From time to time, we and the trustee may, without the consent of holders of the debt securities of one or more series, amend the indenture or the debt securities of one or more series, or supplement the indenture, for certain specified purposes, including:

to provide that the surviving entity following a change of control permitted under the indenture shall assume all of our obligations under the indenture and debt securities;
to provide for uncertificated debt securities in addition to certificated debt securities;
to comply with any requirements of the SEC under the Trust Indenture Act of 1939;
to cure any ambiguity, defect or inconsistency, or make any other change that does not adversely affect the rights of any holder;
to issue and establish the form and terms and conditions of debt securities of any series as permitted by the indenture; and
to appoint a successor trustee under the indenture with respect to one or more series.
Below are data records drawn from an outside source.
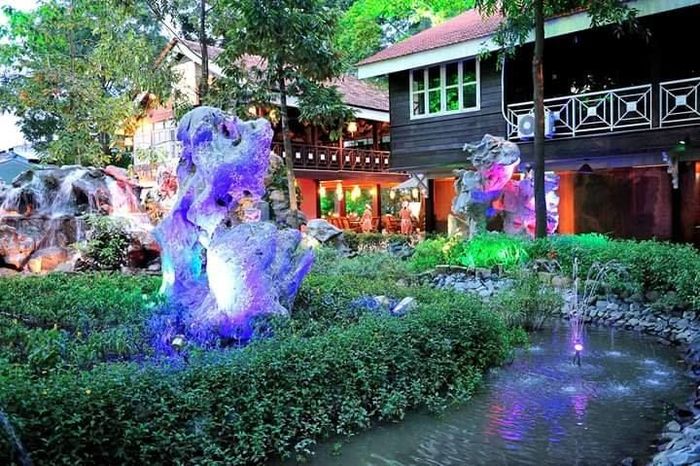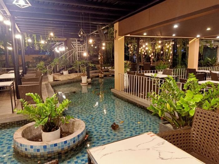 Cafe Vườn Đá is a garden café set in a spacious 7000m2 area, surrounded by a wealth of greenery, flowers, and shaded trees. A gentle stream winds through the space, with hundreds of koi fish swimming gracefully, while imposing stone structures, some reaching up to 3-4 meters high, enhance the café's distinctive and tranquil ambiance. Every evening, live music performances featuring piano, guitar, and violin fill the air with soothing melodies, creating a serene atmosphere. If you're a Bolero music fan, join the special music nights on Wednesdays and Fridays, showcasing classic love songs from the pre-war era, performed by talented lounge singers.
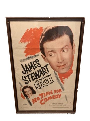 "No Time For Comedy" starring James Steward and Rosalind Russell original, framed Litho movie poster. Poster has been protected by the frame for many years as this hung on the walls of the Debbie Reynolds Dance Studio. Re released by Warners. #23658.
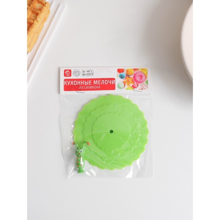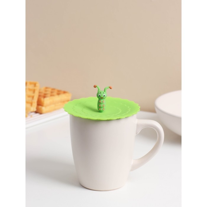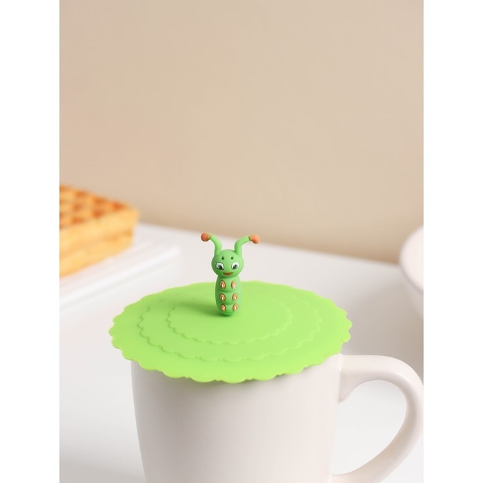 Крышка - непроливайка силиконовая Доляна «Гусеничка», d=10 см, цвет зелёный
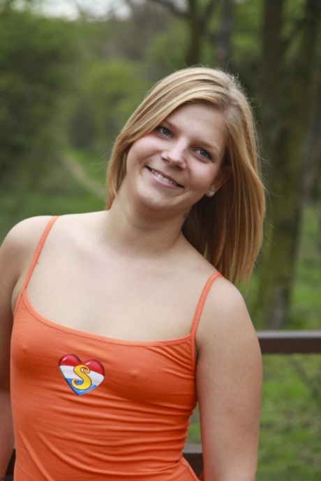 Dutch babe Dee exposes her big booty and small tits in the park
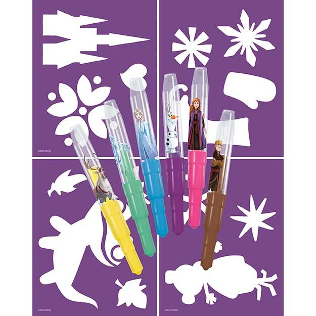 Kreatívna sada s obľúbeným motívom Ľadové kráľovstvo obsahuje 6 farebných fúkacích fixiek a 4 papierové šablónky. Deti si s nimi môžu jednoducho vytvárať vlastné obrázky, ozdoby či pozdravy. Ideálna pomôcka na rozvoj fantázie, trpezlivosti a jemnej motoriky. Vhodné pre deti od 3 rokov.
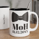 Geeignet für Ehrenmann oder Trauzeugin, fügen Sie ihre Initialen und Ihr Hochzeitstag zu dieser klassischen Schwarz-Weiß-Kaffee-Tasse hinzu

From time to time, we and the trustee may, with the consent of holders of at least a majority in principal amount of the outstanding debt securities of any series, amend or supplement the indenture or the debt securities of such series, or waive compliance in a particular instance by us with any provision of the indenture or the debt securities of such series. However, without the consent of each holder affected by the action, we may not modify or supplement the indenture or the debt securities or waive compliance with any provision of the indenture or the debt securities to:

reduce the amount of debt securities whose holders must consent to an amendment, supplement, or waiver to the indenture or the debt security;
reduce the rate of or change the time for payment of interest on any debt security;
reduce the principal or change the stated maturity of any debt security or reduce the amount of, or postpone the date fixed for, the payment of any sinking fund or analogous obligation;
make any debt security payable in money other than that stated in the debt security;
change the amount or time of any payment required by the debt security or reduce the premium payable upon any redemption of the debt security, or change the time before which no such redemption may be made;
waive a default or event of default in the payment of the principal of (and premium, if any) and interest, if any, on any debt security, except as specified in the indenture;
waive a redemption payment with respect to any debt security or change any of the provisions with respect to the redemption of any debt security;
make any changes in the sections of the indenture relating to waiver of past defaults, the rights of holders to receive payment of the principal of (and premium, if any) and interest, if any, on any debt security, or amendments of or supplements to the indenture or any debt security that require the consent of the holders, except as specified in the indenture; or
take any other action otherwise prohibited by the indenture to be taken without the consent of each holder affected by that action.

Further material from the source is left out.